- Coat of arms
- Location of Gmina Trzcinica
- Coordinates (Trzcinica): 51°10′2″N 18°0′17″E﻿ / ﻿51.16722°N 18.00472°E
- Country: Poland
- Voivodeship: Greater Poland
- County: Kępno
- Seat: Trzcinica

Area
- • Total: 75.14 km^{2} (29.01 sq mi)

Population (2006)
- • Total: 4,703
- • Density: 62.59/km^{2} (162.1/sq mi)

= Gmina Trzcinica =

Gmina Trzcinica is a rural gmina (administrative district) in Kępno County, Greater Poland Voivodeship, in west-central Poland. Its seat is the village of Trzcinica, which lies approximately 13 km south of Kępno and 156 km south-east of the regional capital Poznań.

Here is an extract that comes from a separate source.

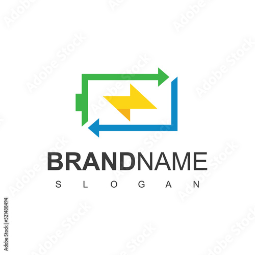 © Adiyatma, Fototapeta premium Electric Logo Green Energy Concept using Battery And Leaf Icon

The gmina covers an area of 75.14 km2, and as of 2006 its total population is 4,703.

==Villages==
Gmina Trzcinica contains the villages and settlements of Aniołka Druga, Aniołka Pierwsza, Aniołka-Parcele, Borek, Dzierżążnik, Granice, Ignacówka Druga, Ignacówka Pierwsza, Ignacówka Trzecia, Jelenia Głowa, Kuźnica Trzcińska, Kwasielina, Laski, Laski-Tartak, Nowa Wieś, Piotrówka, Pomiany, Różyczka, Siemionka, Smardze, Teklin, Trzcinica and Wodziczna.

==Neighbouring gminas==
Gmina Trzcinica is bordered by the gminas of Baranów, Byczyna, Łęka Opatowska, Rychtal and Wołczyn.